It may be that the momentum for independence has been temporarily lost, given the failure of the main parties to show leadership – although pro-independence parties were leading the polls as of late November. But the demand has unleashed real working class forces and displayed to them clearly how the Spanish state reacts to any perceived threat to its authority and power: police violence, political prisoners, media censorship, withdrawal of capital to starve a region of funds, dismissal of elected officials, restriction of political activity and the promotion of fascist gangs, which are also seeing a resurgence in Catalonia, attacking pro-independence protesters. There has recently been evidence of online police chatrooms, where Madrid police made racist remarks, uploaded photos of Hitler and casually discussed assassinating journalists. The spokesman for the ruling Partido Popular, Pablo Casado, implied Puigdemont could face the same fate as Companys – a reference to a former Catalan president executed by firing squad in 1940 on the orders of Franco. As the crisis in Spain deepens and the ruling class feels threatened, we can expect fascist activity to intensify.

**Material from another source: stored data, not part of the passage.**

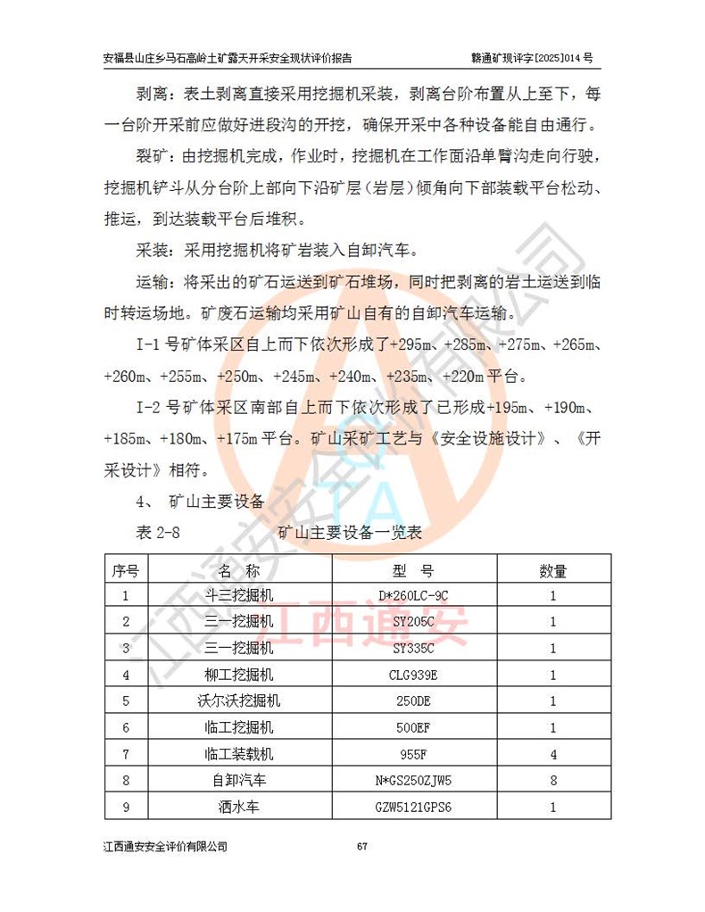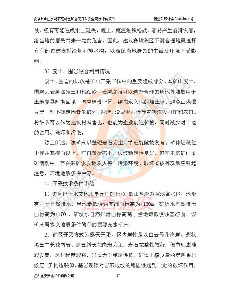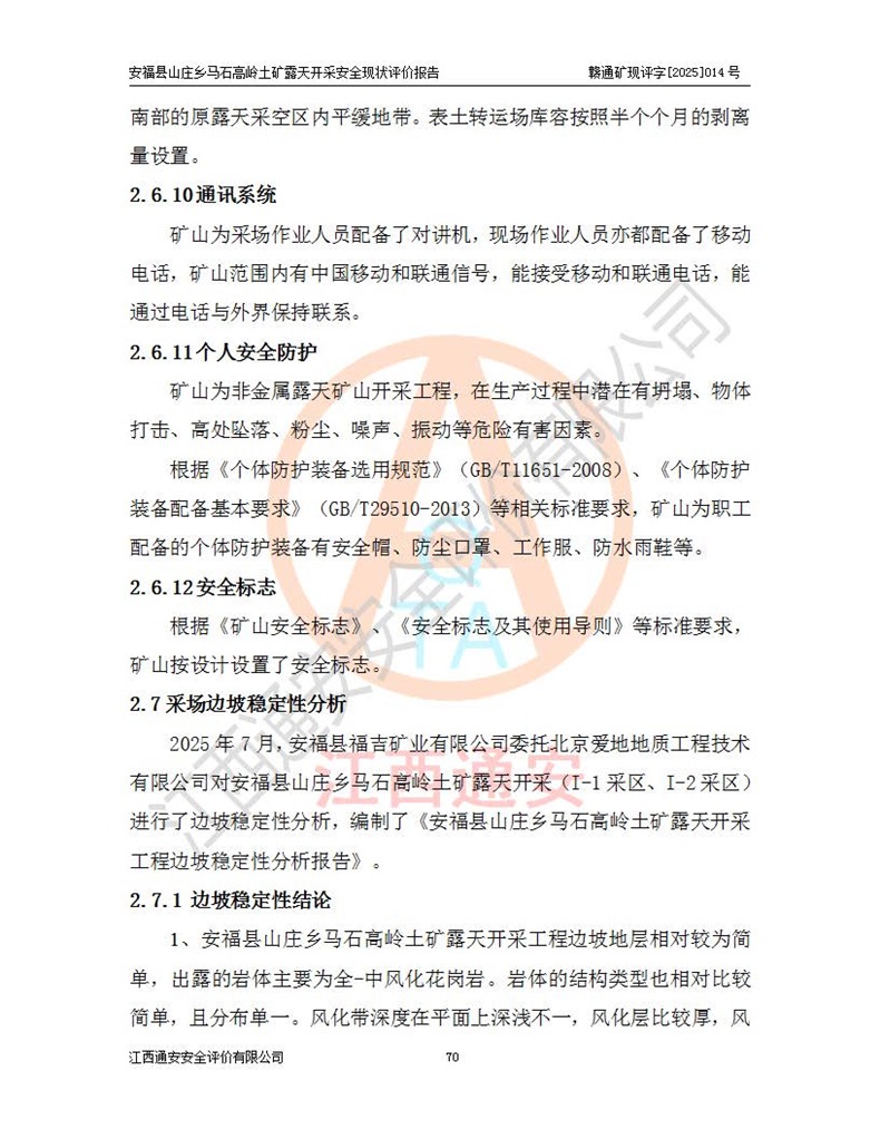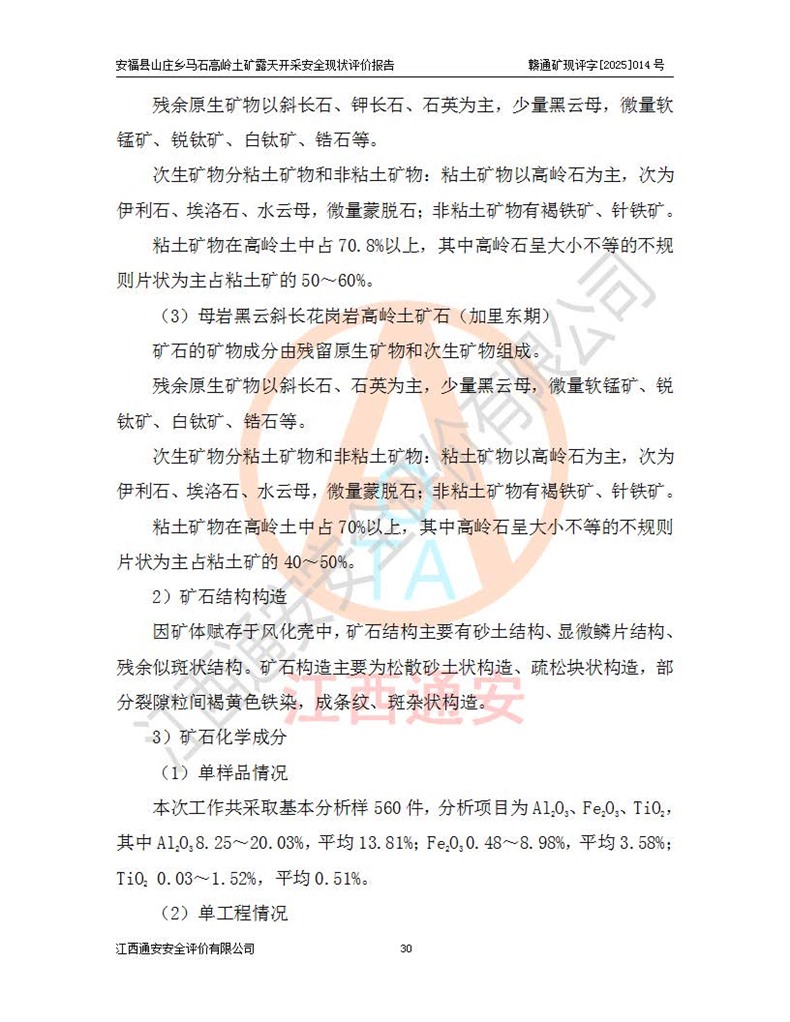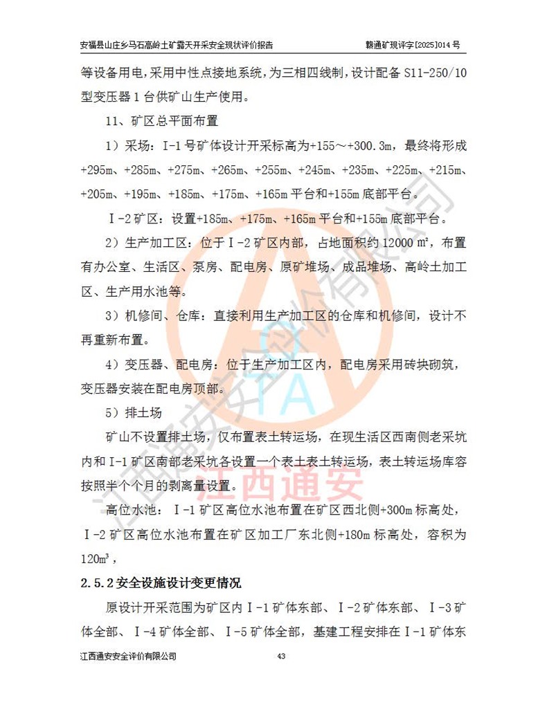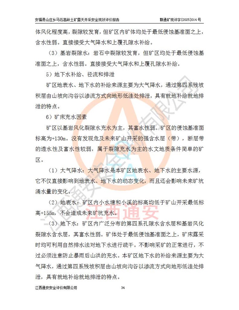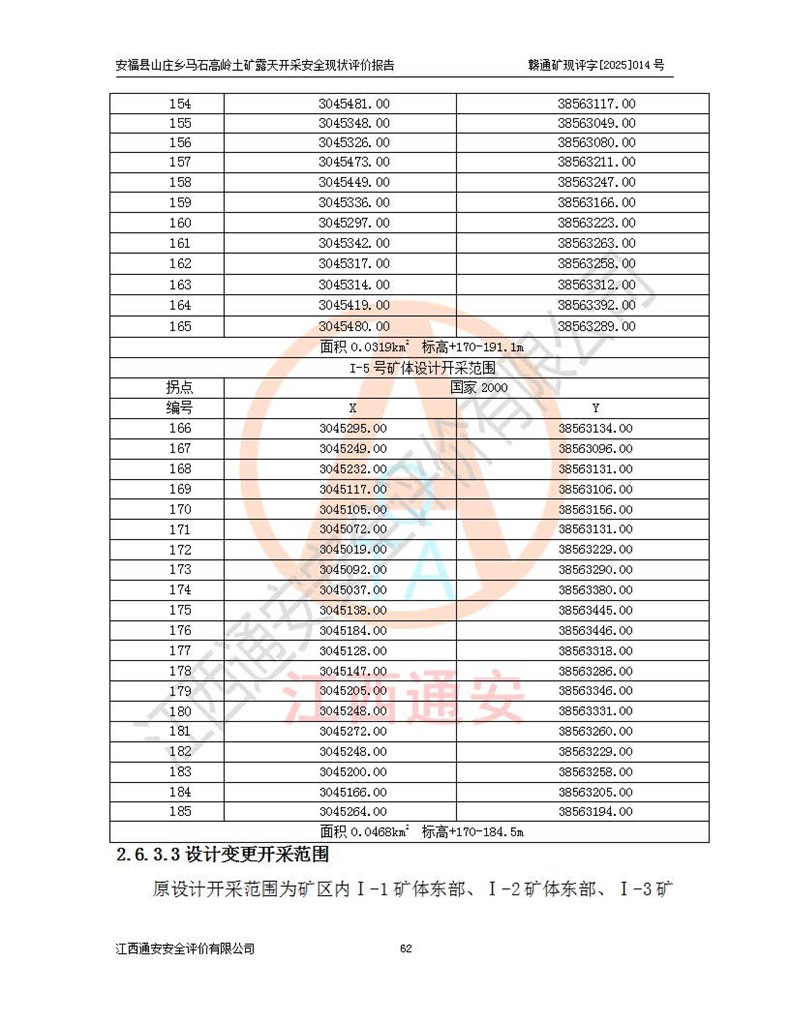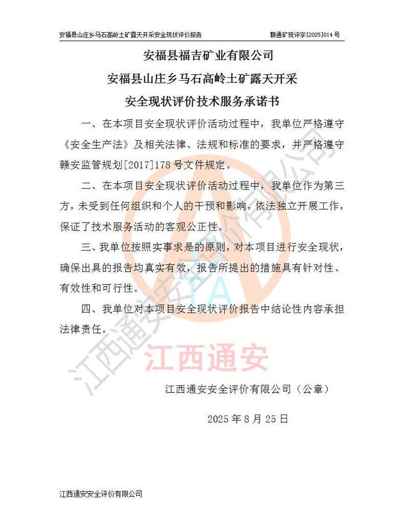 安福縣福吉礦業(yè)有限公司成立于2008年7月8日,地址位于江西省吉安市安??h山莊鄉(xiāng)東頭村五組,注冊資金:1288.66萬元,營業(yè)執(zhí)照統(tǒng)一社會(huì)信用代碼:9136082969683448X,營業(yè)期限:2008年7月8日至長期,企業(yè)類型為有限責(zé)任公司(自然人獨(dú)資),法定**人為劉國棟,經(jīng)營范圍:高嶺土開采、銷售;礦產(chǎn)品(鐵礦除外)加工、銷售。 安??h山莊鄉(xiāng)馬石高嶺土礦為安福縣福吉礦業(yè)有限公司下屬露天礦山,礦區(qū)位于安福縣城北北東,直距縣城12°方位約15km,行政區(qū)劃屬安??h山莊鄉(xiāng)管轄,礦區(qū)地理坐標(biāo)(2000坐標(biāo)系):東經(jīng)114°37′12″~114°38′32″,北緯27°30′37″~27°32′05″。礦區(qū)中心地理坐標(biāo):東經(jīng)114°37′52″,北緯 27°31′14″。礦區(qū)有3km水泥公路通往山莊鄉(xiāng),并與安福-分宜公路相連,距安福縣城18km。 馬石高嶺土礦成立于2008年,生產(chǎn)規(guī)模為2萬噸/年,礦區(qū)面積2.3642平方**,開采深度280m至155m,礦區(qū)資源于2018年重新進(jìn)行了核實(shí),2019年6月由吉安市自然資源局重新核發(fā)了采礦許可證,礦區(qū)面積由原2.3642平方**調(diào)整至1.2016平方**,開采深度由330.3m至155m,生產(chǎn)規(guī)模由2萬噸/年變更為50萬噸/年。 因礦山生產(chǎn)規(guī)模擴(kuò)大,根據(jù)《建設(shè)項(xiàng)目安全設(shè)施“三同時(shí)”監(jiān)督管理辦法》安監(jiān)總局令第36號(hào)(77號(hào)令修改)的要求,礦山應(yīng)履行安全設(shè)施擴(kuò)建“三同時(shí)”手續(xù),安??h福吉礦業(yè)有限公司分別委托內(nèi)蒙古吉安勞動(dòng)安全評(píng)價(jià)有限責(zé)任公司和山東乾舜礦冶科技股份有限公司對(duì)馬石高嶺土礦擴(kuò)建工程進(jìn)行了安全預(yù)評(píng)價(jià)及安全設(shè)施設(shè)計(jì)。 2021年10月16日安全設(shè)施設(shè)計(jì)通過了安??h應(yīng)急管理局組織的專家評(píng)審,2021年11月18日,安??h應(yīng)急管理局下發(fā)了《關(guān)于安福縣福吉礦業(yè)有限公司安??h山莊鄉(xiāng)馬石高嶺土礦露天開采擴(kuò)建工程安全設(shè)施設(shè)計(jì)審查意見》安應(yīng)急字[2021]59號(hào))。 馬石高嶺土礦于2021年12月開始了基建工程,期間因征地原因,設(shè)計(jì)開采范圍發(fā)生了變化,2022年4月,安福縣福吉礦業(yè)有限公司委托山東乾舜礦冶科技股份有限公司編制了《安??h福吉礦業(yè)有限公司安福縣山莊鄉(xiāng)馬石高嶺土礦露天開采擴(kuò)建工程變更設(shè)計(jì)》,2022年4月24日變更設(shè)計(jì)通過了安??h應(yīng)急管理局組織的專家評(píng)審,2022年5月18日,安??h應(yīng)急管理局下發(fā)了《關(guān)于安福縣福吉礦業(yè)有限公司安??h山莊鄉(xiāng)馬石高嶺土礦露天開采擴(kuò)建工程安全設(shè)施設(shè)計(jì)變更審查意見》安應(yīng)急字[2022]30號(hào))。 2022年8月,安福縣山莊鄉(xiāng)馬石高嶺土礦露天開采擴(kuò)建工程通過驗(yàn)收,2022年9月9日,礦山取得了安??h應(yīng)急管理局頒發(fā)的安全生產(chǎn)許可證,編號(hào):(贛)FM安許證字[2022]DAF02號(hào)。**期:2022年9月9日至2025年9月8日。 2024年10月25日,安福縣應(yīng)急管理局現(xiàn)場檢查時(shí),發(fā)現(xiàn)安福縣山莊鄉(xiāng)馬石高嶺土礦存在2條違法違規(guī)行為和事故隱患,并存在5條其他問題,安??h應(yīng)急管理局開具了《安全生產(chǎn)行政執(zhí)法文書現(xiàn)場處理措施決定書》(安福)應(yīng)急現(xiàn)決(2024)非煤007號(hào),《安全生產(chǎn)行政執(zhí)法文書責(zé)令限期整改指令書》(安福)應(yīng)急責(zé)改(2024)058號(hào);2024年11月15日,安??h應(yīng)急管理局開具了《安全生產(chǎn)行政執(zhí)法文書行政處罰決定書》(安福)應(yīng)急罰(2024)非煤-4號(hào);并處人民幣貳萬伍仟元罰款的行政處罰。 隨著正常的生產(chǎn),礦山企業(yè)發(fā)現(xiàn)礦區(qū)Ⅰ-2礦體西部及Ⅰ-2礦體東部的礦體難以達(dá)到工業(yè)品味的需求,經(jīng)礦山企業(yè)商討后決定:放棄對(duì)Ⅰ-2礦體西部及Ⅰ-2礦體東部的開采,僅開采Ⅰ-2礦體南部,并于2025年3月委托山東乾舜礦冶科技股份有限公司編制了《安??h福吉礦業(yè)有限公司安??h山莊鄉(xiāng)馬石高嶺土礦露天開采Ⅰ-2礦體開采設(shè)計(jì)》。 依照《非煤礦礦山企業(yè)安全生產(chǎn)許可證延期換證工作》的通知,根據(jù)***《安全生產(chǎn)許可證條例》、《江西省安全生產(chǎn)條例》、《非煤礦山安全生產(chǎn)許可證實(shí)施辦法》、《江西省非煤礦礦山企業(yè)安全生產(chǎn)許可證辦法》規(guī)定及非煤礦山安全評(píng)價(jià)導(dǎo)則的要求,受安??h福吉礦業(yè)有限公司的委托,我公司承擔(dān)安福縣山莊鄉(xiāng)馬石高嶺土礦露天開采延期換證的安全現(xiàn)狀評(píng)價(jià)工作。 |
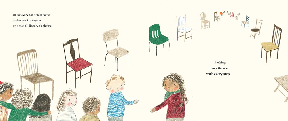 突然間,課室裏有一個孩子將椅子讓了出來。更多的孩子也把自己的椅子讓了出來。這是一幅最美麗的插畫:
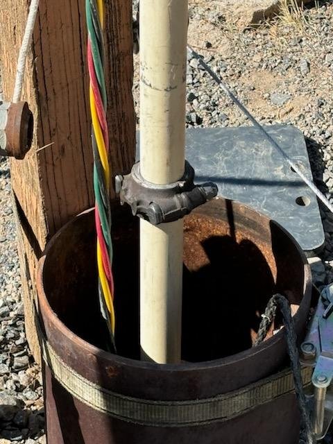 The pipe is in 20 foot section and I could only pull 10 feet at a time, I found that a Model T connecting rod would clamp on to the pipe. So with 2 connecting rods I was able to pull 10 feet up clamp on with the other rod and move the first rod down and pull up the next 10
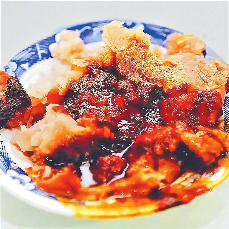 況且,一碗手搟粉里,如果啃上一個底和邊烤得脆脆的豬油盒子,手搟粉麻辣鮮香的料汁可以為豬油盒子的味道錦上添花,同時脆的口感又能與充滿韌性的手搟粉相得益彰,珠聯(lián)璧合。
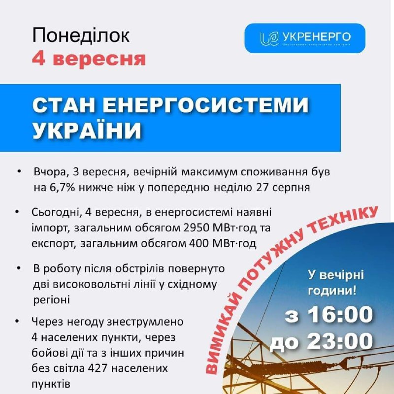 🔹сьогодні, 4 вересня, в енергосистемі наявні імпорт, загальним обсягом 2950 МВт·год та експорт, загальним обсягом 400 МВт·год;
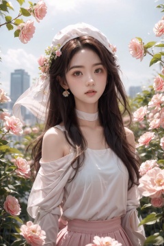 A girl,silk,cocoon,spider web,Solo,Complex Details,Color Differences,Realistic,(Moderate Breath),Off Shoulder,Eightfold Goddess,Pink Long Hair,White Headwear,Hair Above One Eye,Green Eyes,Earrings,Sharp Eyes,Perfect Fit,Choker,Dim Lights,cocoon,transparent,jiBeauty,1girl,flowers,mtianmei,Look at the camera.,flowing skirts,Giant flowers,,
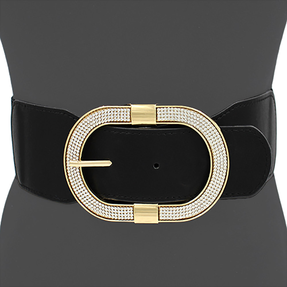 Stone Paved Open Oval Buckle Accented Elastic Belt
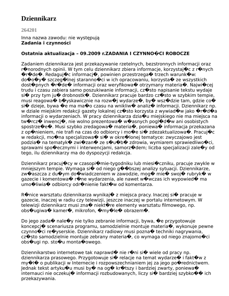 Dziennikarz 264201 Inna nazwa zawodu: nie występują Zadania i czynności Ostatnia aktualizacja – 09.2009 r.ZADANIA I CZYNNO�CI ROBOCZE Zadaniem dziennikarza jest przekazywanie rzetelnych, bezstronnych informacji oraz r�norodnych opinii. W tym celu dziennikarz zbiera informacje, korzystaj�c z r�nych �r�de�. Redaguj�c informacj�, powinien przestrzega� trzech warunk�w: do�o�y� szczeg�lnej staranno�ci w ich opracowaniu, korzysta� ze wszystkich dost�pnych �r�de� informacji oraz weryfikowa� otrzymany materia�. Najwi�cej trudu i czasu zabiera samo poszukiwanie informacji, cz�sto napisanie tekstu wydaje si� przy tym ju� drobnostk�. Dziennikarz pracuje bardzo cz�sto w szybkim tempie, musi reagowa� b�yskawicznie na rozw�j wydarze�, by� wsz�dzie tam, gdzie co� si� dzieje, bywa �e ma ma�o czasu na wnikliw� analiz� informacji. Dziennikarz np. w dziale miejskim redakcji gazety lokalnej cz�sto korzysta z wywiad�w jako �r�d�a informacji o wydarzeniach. W pracy dziennikarza dzia�u miejskiego nie ma miejsca na tw�rcz� inwencj�, nie wolno prezentowa� w�asnych pogl�d�w ani osobistych spostrze�e�. Musi szybko zredagowa� materia�, poniewa� informacja przekazana z op�nieniem, nie trafi na czas do odbiorcy i mo�e si� zdezaktualizowa�. Pracuj�c w redakcji, mo�na specjalizowa� si� w okre�lonej tematyce: zwyczajowo jest podzia� na tematyk� zwi�zan� ze s�u�b� zdrowia, wymiarem sprawiedliwo�ci, sprawami spo�ecznymi i interwencjami, samorz�dem; liczba specjalizacji zale�y od tego, ilu dziennikarzy ma do dyspozycji redakcja. Dziennikarz pracuj�cy w czasopi�mie-tygodniku lub miesi�czniku, pracuje zwykle w mniejszym tempie. Wymaga si� od niego g��bszej analizy sytuacji. Dziennikarze, zw�aszcza z du�ym do�wiadczeniem w zawodzie, mog� mie� swoj� rubryk� w gazecie i komentowa� r�ne wydarzenia, ale nawet w�wczas ich wypowied� ma umo�liwia� odbiorcy odr�nienie fakt�w od komentarza. R�nice warsztatu dziennikarza wynikaj� z miejsca pracy. Inaczej si� pracuje w gazecie, inaczej w radiu czy telewizji, jeszcze inaczej w portalu internetowym. W telewizji dziennikarz musi zna� niekt�re elementy warsztatu filmowego, np. obs�ugiwa� kamer�, mikrofon, �my�le� obrazem�. Do jego zada� nale�y nie tylko zebranie informacji, bywa, �e przygotowuje koncepcj� scenariusza programu, samodzielnie montuje materia�, wykonuje pewne czynno�ci re�yserskie. Dziennikarz radiowy musi pozna� techniki nagrywania, cz�sto samodzielnie montuje zebrany materia�, co wymaga od niego znajomo�ci obs�ugi np. sto�u monta�owego. Dziennikarstwo internetowe tak naprawd� nie r�ni si� wiele od pracy np. dziennikarza prasowego. Przygotowuje si� relacje na temat wydarze� i fakt�w z my�l� o publikacji w Internecie i rozpowszechnianiem jej za jego po�rednictwem. Jednak tekst artyku�u musi by� na og� kr�tszy i bardziej zwarty, poniewa� internauci nie oczekuj� informacji rozbudowanych, liczy si� bardziej szybko�� ich przekazywania. Dziennikarze cz�sto specjalizuj� si� w okre�lonych bran�ach, np. mo�na m�wi� o dziennikarstwie politycznym, sportowym, naukowym, biznesowym, �ledczym. Wymaga to od dziennikarzy wielu umiej�tno�ci, znajomo�ci bran�y, stosowania j�zyka informacji, trafiaj�cego do odbiorc�w. Specjalizacja sprzyja doskonaleniu warsztatu, budowaniu i utrzymywaniu kontakt�w z r�nymi �rodowiskami. Dotyczy to jednak tylko du�ych o�rodk�w miejskich, gdzie jest wiele medi�w i du�a konkurencja. W mniejszych o�rodkach, gdzie jest jedna gazeta, czy rozg�o�nia radiowa b�d� telewizyjna, dziennikarze zajmuj� si� r�norodnymi informacjami, nie s� specjalistami w okre�lonej dziedzinie. Dziennikarz musi zna� bardzo dobrze j�zyk polski i stale pracowa� nad swoim warsztatem, rozszerza� s�ownictwo. Bardzo po��dana jest znajomo�� j�zyk�w obcych, co mo�e wp�yn�� na mo�liwo�� rozwoju kariery, np. mo�na zosta� korespondentem zagranicznym, dokonywa� wywiad�w z r�nymi lud�mi w ich j�zykach. Niewielu dziennikarzy bywa zatrudnionych na podstawie umowy o prac�, wi�kszo�� z nich, zw�aszcza na pocz�tku pracy oraz w lokalnych mediach, pracuje na podstawie umowy o dzie�o lub s� tzw. �wolnymi strzelcami�, kt�rzy dopiero chc� �sprzeda� gotowy materia�. Media s� uznawane za czwart� w�adz� w pa�stwie, a ranga zawodu dziennikarza stale ro�nie. To nak�ada na dziennikarzy dodatkow� odpowiedzialno�� za s�owo. Wa�ne jest, aby mie� co� do powiedzenia, umie� to przekaza� w spos�b ciekawy i w atrakcyjnej formie. Warto pisa� ju� na studiach, �eby zaistnie� w zawodzie jak najszybciej. W tym zawodzie cz�sto zaciera si� granica mi�dzy �yciem prywatnym a zawodowym, dziennikarzem jest si� przez ca�e �ycie, bez wzgl�du na to, gdzie si� jest i ile ma si� lat.
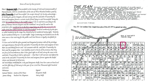 The 1790 Census shows his family still residing in Biddeford but they later took up residency in Phippsburg where in 1803 John served as constable and was required to collect taxes of several people in the town. Perhaps that was not to his liking because in February of 1807 he bought a parcel of land from Benjamin Rolfe in Parsonsfield. Rolfe was the first settled minister of the town.
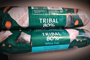 Naast de geperste hondenbrokken heeft Tribal ook een compleet assortiment aan gestoomde voedingen. Deze complete voedingen zijn graanvrij en deze variant is met 80% verse witte vis, kikkererwten en wortelen. Deze gestoomde voeding kun je afwisselen met brokken of als beloning tijdens de hondentraining. Maar ook erg handig tijdens vakanties of wanneer je vergeten bent rauwe vleesvoeding uit de diepvries te halen
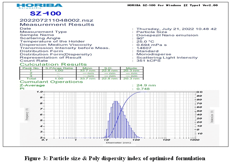 Donepezil hydrochloride solubility was carried out on oils, surfactants & co-surfactants. Considering solubility, oleic acid was utilised as the oily phase, while PEG 400 served as the co-surfactant & Tween 80 as surfactant (Table 2).
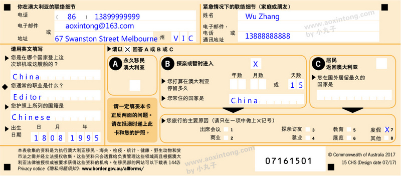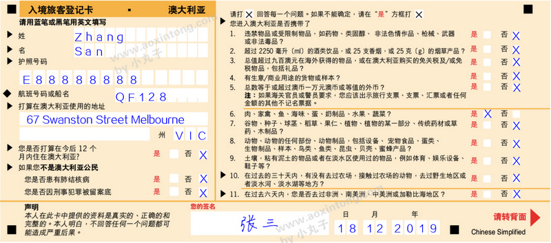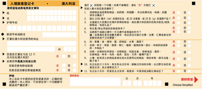 注意: 1. 不管是中文版还是英文版,必须用英文填写 2. 用蓝笔或者黑笔填写 3. 姓和名与护照一致 4. 打算在澳大利亚使用的地址:填写入住澳洲的第一家酒店地址即可 5. 对于携带物品,如实打X;对于不确定是否携带项,建议在“是”后面打X,申报即可。

But the social movements in Catalonia and beyond must build on what is undoubtedly a victory. That means discussing with people what kind of demands they should be making, what social programme they want – what kind of Catalonia the working class should be fighting for. As we wrote in FRFI 260: ‘The anti-capitalist, pro-independence movement expects to push its social agenda against cuts, evictions and austerity policies in the frame of a Catalan republic, but has already won a step forward. The great victory of the Catalan movement for independence is to have turned the struggle for national rights into a struggle for civil rights… As in May 2011, the movement has unmasked the state violence against any real democracy and the underlying aftertaste of a never-broken dictatorial rule.’ (FRFI 260, October/November 2017, ‘Spain flexes its Francoist muscle’).
That struggle, to build an anti-capitalist working class movement willing to take on the vicious, authoritarian and utterly corrupt Spanish state deserves the support of all progressive forces in Spain and beyond.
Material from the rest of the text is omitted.